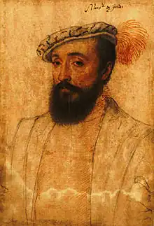 He was among those notables who attended the king at Moulins in 1566 when the king oversaw the coerced reconciliation of the House of Guise and House of Montmorency alongside publishing a decree of judicial reform.[19] The long peace was not to last however, and Protestant uprisings would consume Dauphiné, many of the towns that Gordes had overseen the subduing of rose up in revolt again including Valence.[20] Gordes went on a tour of the province, trying to talk towns down from their uprising, travelling across the Haut-Dauphiné, succeeding in bringing his authority back to many smaller settlements there. He was able to charm the leading Protestant military leaders of the region, Montbrun and Lesdiguières.[21]
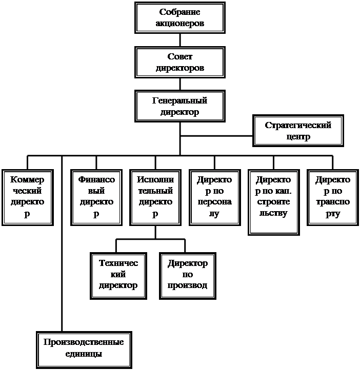 Норматив численности работников аппарата управления Нау на машиностроительных предприятиях определяется по формуле: Нау = 0,213 * Рпп 0,79 * Ф0,16 *Ксм -0,34 (1.3) Где Ксм – коэффициент сменности работы предприятия Нау = 0,213 * 147900,79 * 1272000,16 *1,4-0,34 = 2453 чел. Поскольку в отделах сосредоточено 75 % всех ИТР и служащих, то минимальная численность любого из них должна составлять 10 чел. Для конструкторских и технологических отделов установлена минимальная численность – 21 чел., для прочих бюро – 7 чел., для технических отделов – 16 чел. 1.4 Разработка окончательной организационной структуры системы управления АО “Юнив” Использовав типовую структуру производственного предприятия первой группы и разработав типовые блочные решения, соединим полученные блоки в единую организационную структуру управления АО «Юнив». Сначала был построен линейный аппарат управления, определено количество линейных уровней с низшего к высшему: 1) уровень начальников производственных подразделений; 2) уровень начальников отделов; 3) уровень заместителей главного инженера; 4) уровень заместителей генерального директора АО; 5) уровень коллегиального органа управления – Совета директоров, который принимает крупные по значимости и масштабам действия управленческие решения по всей структуре управления предприятия. Затем по линейным уровням, но уже сверху вниз была установлена функциональная структура управления предприятием. Начиная с высшего уровня было рассмотрено введение каждого подразделения, исходя из объёмов, работ по функциям, масштабов управляемости и нормативов численности. Учитывались также такие исходные данные как тип производства, вид выпускаемой продукции, объёмы потребления ресурсов и выпуска продукции и многие другие. Рационализация проектируемой структуры заключается в том, чтобы повысить эффективность линейно-функциональной системы управления АО путём сокращения дублирования функций в аппарате управления. Необходимо отметить, что при определении наиболее рациональной степени централизации и децентрализации аппарата управления по каждой функции была выявлена необходимость в цеховых бухгалтерских службах, ПДБ, БТК, тех. бюро, т.к. велики размеры производства и численность рабочих в производственных цехах предприятия. Также была посчитана численность ИТР и служащих, необходимой для эффективного управления предприятием по каждой функции, уточнение должностных функций работников. И, наконец, в соответствии с этими разработками и типовой структурой была построена конкретная схема управления АО «Юнив», которая представлена на плакате. В АО “Юнив” было введено собрание акционеров, которое является высшим органом управления, к исключительной компетенции которого относятся такие вопросы, как изменение устава или уставного капитала, избрание членов совета директоров, ревизионной комиссии или прекращение их полномочий, утверждение годовых отчетов и бухгалтерских балансов; образование и досрочное прекращение полномочий исполнительных органов и т. п. В качестве усовершенствования структуры управления АО я ввожу стратегический центр, который подчиняется непосредственно генеральному директору. Он занимается стратегическим планированием, управлением инноваций, системным анализом и программированием. 2. РАЗРАБОТКА ОРГАНИЗАЦИОННОЙ СТРУ
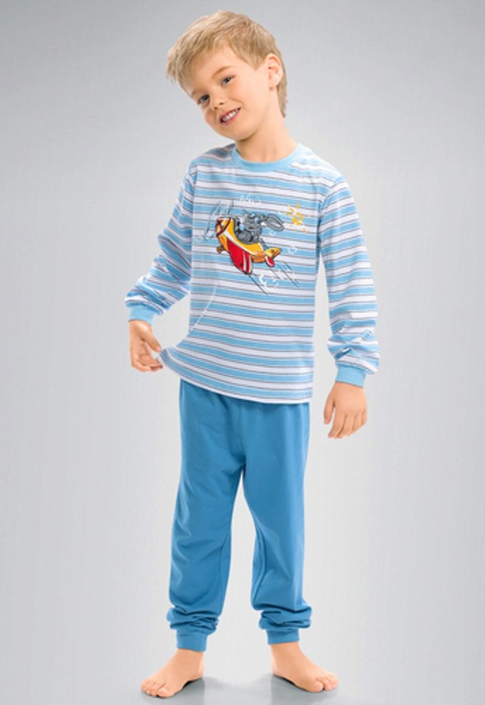 Comfortable pajamas of light blue knitwear with wool. Monochrome pants are complemented by a blouse made of a striped partner fabric with an image of an airplane. Soft cuffs on the sleeves and legs of their pajamas will not allow them to gather from bedtime and deliver discomfort to the child.

· · ·

YOUR OBJECTIVE
Would you set down every line of the data above exactly, skipping the pictures?

WRITTEN RESPONSE
 He was among those notables who attended the king at Moulins in 1566 when the king oversaw the coerced reconciliation of the House of Guise and House of Montmorency alongside publishing a decree of judicial reform.[19] The long peace was not to last however, and Protestant uprisings would consume Dauphiné, many of the towns that Gordes had overseen the subduing of rose up in revolt again including Valence.[20] Gordes went on a tour of the province, trying to talk towns down from their uprising, travelling across the Haut-Dauphiné, succeeding in bringing his authority back to many smaller settlements there. He was able to charm the leading Protestant military leaders of the region, Montbrun and Lesdiguières.[21]
 Норматив численности работников аппарата управления Нау на машиностроительных предприятиях определяется по формуле: Нау = 0,213 * Рпп 0,79 * Ф0,16 *Ксм -0,34 (1.3) Где Ксм – коэффициент сменности работы предприятия Нау = 0,213 * 147900,79 * 1272000,16 *1,4-0,34 = 2453 чел. Поскольку в отделах сосредоточено 75 % всех ИТР и служащих, то минимальная численность любого из них должна составлять 10 чел. Для конструкторских и технологических отделов установлена минимальная численность – 21 чел., для прочих бюро – 7 чел., для технических отделов – 16 чел. 1.4 Разработка окончательной организационной структуры системы управления АО “Юнив” Использовав типовую структуру производственного предприятия первой группы и разработав типовые блочные решения, соединим полученные блоки в единую организационную структуру управления АО «Юнив». Сначала был построен линейный аппарат управления, определено количество линейных уровней с низшего к высшему: 1) уровень начальников производственных подразделений; 2) уровень начальников отделов; 3) уровень заместителей главного инженера; 4) уровень заместителей генерального директора АО; 5) уровень коллегиального органа управления – Совета директоров, который принимает крупные по значимости и масштабам действия управленческие решения по всей структуре управления предприятия. Затем по линейным уровням, но уже сверху вниз была установлена функциональная структура управления предприятием. Начиная с высшего уровня было рассмотрено введение каждого подразделения, исходя из объёмов, работ по функциям, масштабов управляемости и нормативов численности. Учитывались также такие исходные данные как тип производства, вид выпускаемой продукции, объёмы потребления ресурсов и выпуска продукции и многие другие. Рационализация проектируемой структуры заключается в том, чтобы повысить эффективность линейно-функциональной системы управления АО путём сокращения дублирования функций в аппарате управления. Необходимо отметить, что при определении наиболее рациональной степени централизации и децентрализации аппарата управления по каждой функции была выявлена необходимость в цеховых бухгалтерских службах, ПДБ, БТК, тех. бюро, т.к. велики размеры производства и численность рабочих в производственных цехах предприятия. Также была посчитана численность ИТР и служащих, необходимой для эффективного управления предприятием по каждой функции, уточнение должностных функций работников. И, наконец, в соответствии с этими разработками и типовой структурой была построена конкретная схема управления АО «Юнив», которая представлена на плакате. В АО “Юнив” было введено собрание акционеров, которое является высшим органом управления, к исключительной компетенции которого относятся такие вопросы, как изменение устава или уставного капитала, избрание членов совета директоров, ревизионной комиссии или прекращение их полномочий, утверждение годовых отчетов и бухгалтерских балансов; образование и досрочное прекращение полномочий исполнительных органов и т. п. В качестве усовершенствования структуры управления АО я ввожу стратегический центр, который подчиняется непосредственно генеральному директору. Он занимается стратегическим планированием, управлением инноваций, системным анализом и программированием. 2. РАЗРАБОТКА ОРГАНИЗАЦИОННОЙ СТРУ
 Comfortable pajamas of light blue knitwear with wool. Monochrome pants are complemented by a blouse made of a striped partner fabric with an image of an airplane. Soft cuffs on the sleeves and legs of their pajamas will not allow them to gather from bedtime and deliver discomfort to the child.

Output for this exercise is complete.